Mayfield also is a community that has a diverse and changing population. Fox founded the Minority Enrichment Center after the start of the COVID-19 pandemic to deal with the challenges that minority students were facing in school. According to Fox, the school system had shifted from serving a majority-white population to a system with more Black and Hispanic students in the past few years. “Minority kids were graduating but they weren’t ready to go to work or the next level of education,” said Fox, “That means more poverty, we are going to create a cycle. So that’s why the minority center was started, so we can start bridging some of those gaps, so we can figure out why, provide resources, and work with the families one on one.”

“Disaster response is political, and so it replicates political distinctions.”

Jacob Remes, clinical assistant professor of history at New York University’s Gallatin School of Individualized Study

After the storm, many people complained online about how Kentuckians brought this disaster upon themselves by voting for representatives like Paul and Senate Minority Leader Mitch McConnell.
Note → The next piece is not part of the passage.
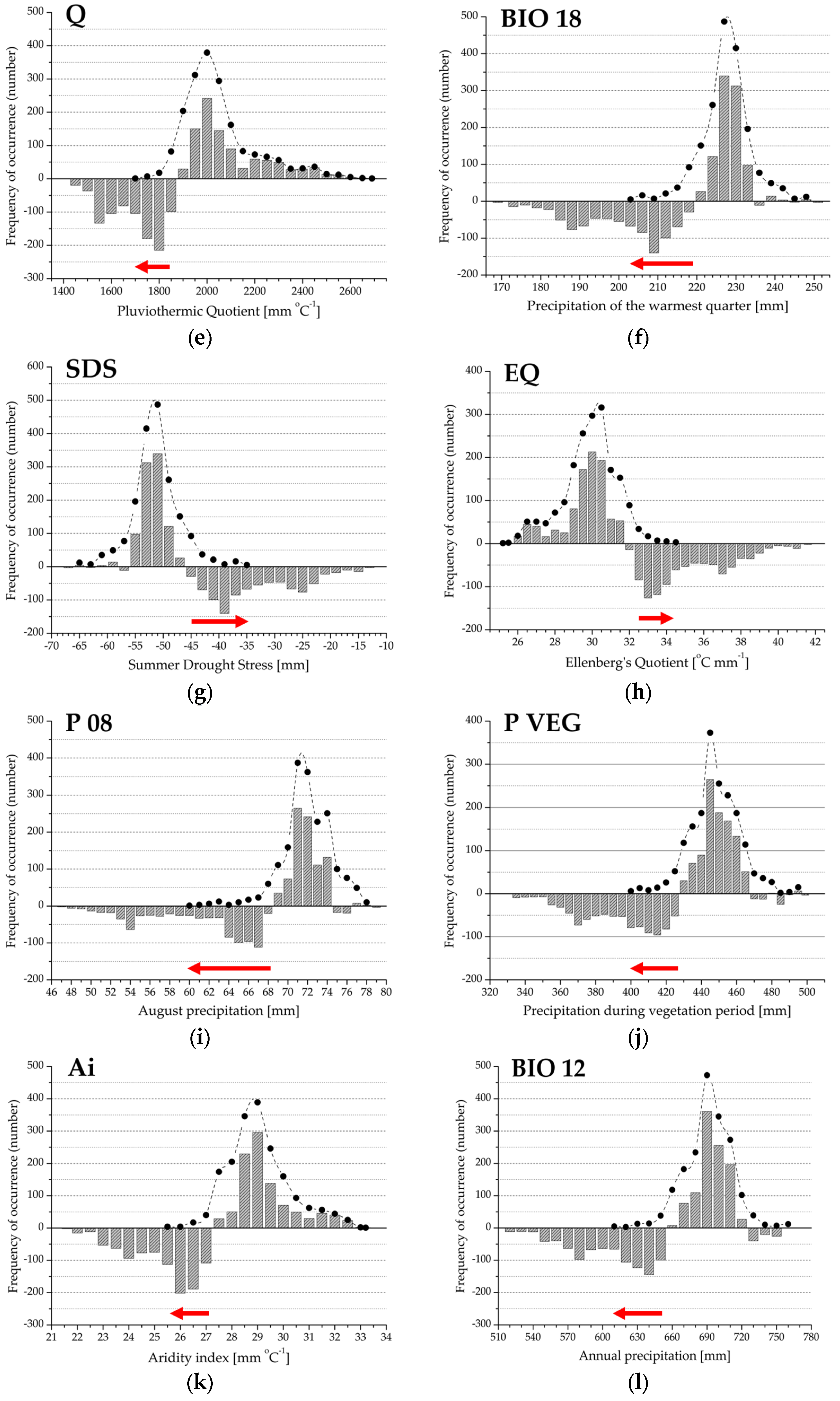 (a–l) Drought Response Range (DRR; red arrow) and the regional climate response profile (grey bars) for the variables extracted in the first principal component. The histograms represent the difference between observed and expected frequency; positive values indicate climate preference range; negative values refer to the climate limitation function of beech forest distribution. Filled circles denote observed frequency of occurrence, absence data are not shown. See also Figure 2 and Table 1.

However, painting Kentuckians with such a broad brush ignores the complexities in a town like Mayfield, where the most impacted individuals were also the ones most likely to face voter suppression. “The tornado, the neighborhood that it hit is [a] mostly minority neighborhood,” said Fox. “The homes that sustained overall the most damage ripped through those places where there was already an issue with poverty and people not having the resources they needed for daily life.”
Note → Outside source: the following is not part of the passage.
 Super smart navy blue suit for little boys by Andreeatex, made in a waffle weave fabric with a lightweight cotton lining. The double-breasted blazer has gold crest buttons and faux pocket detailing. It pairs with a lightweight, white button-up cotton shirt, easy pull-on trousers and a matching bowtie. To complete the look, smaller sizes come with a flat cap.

Booker, who describes his campaign as “a testament to the forgotten people, communities like my own who have been ignored and abandoned for so long,” also highlighted that many of the people who were impacted by the storm were also struggling prior to the storm. He points out that Paul, who has come under fire for voting against disaster relief and yet is requesting assistance after this storm, has long ignored communities like Mayfield in Kentucky. “Sadly, Rand Paul doesn’t believe our government should do anything but give handouts to corporations and his ultra wealthy friends,” said Booker. “Through his entire time in office, he has consistently voted against disaster relief… His sharp pivot now just shows his hypocrisy, and is a desperate attempt to hide his shameful record.”

Jacob Remes, a clinical assistant professor of history at New York University’s Gallatin School of Individualized Study, explained after Hurricane Maria that the kind of societal divisions that Booker talks about are the reasons why disasters occur. “Disasters usually replicate whatever cleavages, inequalities, exclusions existed in a society before. That’s because people who are excluded are made more vulnerable,” he said. “But it’s also because disaster response is political, and so it replicates political distinctions.”
Fox, who is helping with relief efforts, has drawn strength from the solidarity that she has received from individuals around the country, including Operation Barbecue, which has provided hot meals to residents. She hopes that resources and relief will flow to the storm victims in the weeks and months to come as the true cost of the disaster is revealed. “Mayfield is resilient, we’ve bounced back from a lot of things,” said Fox.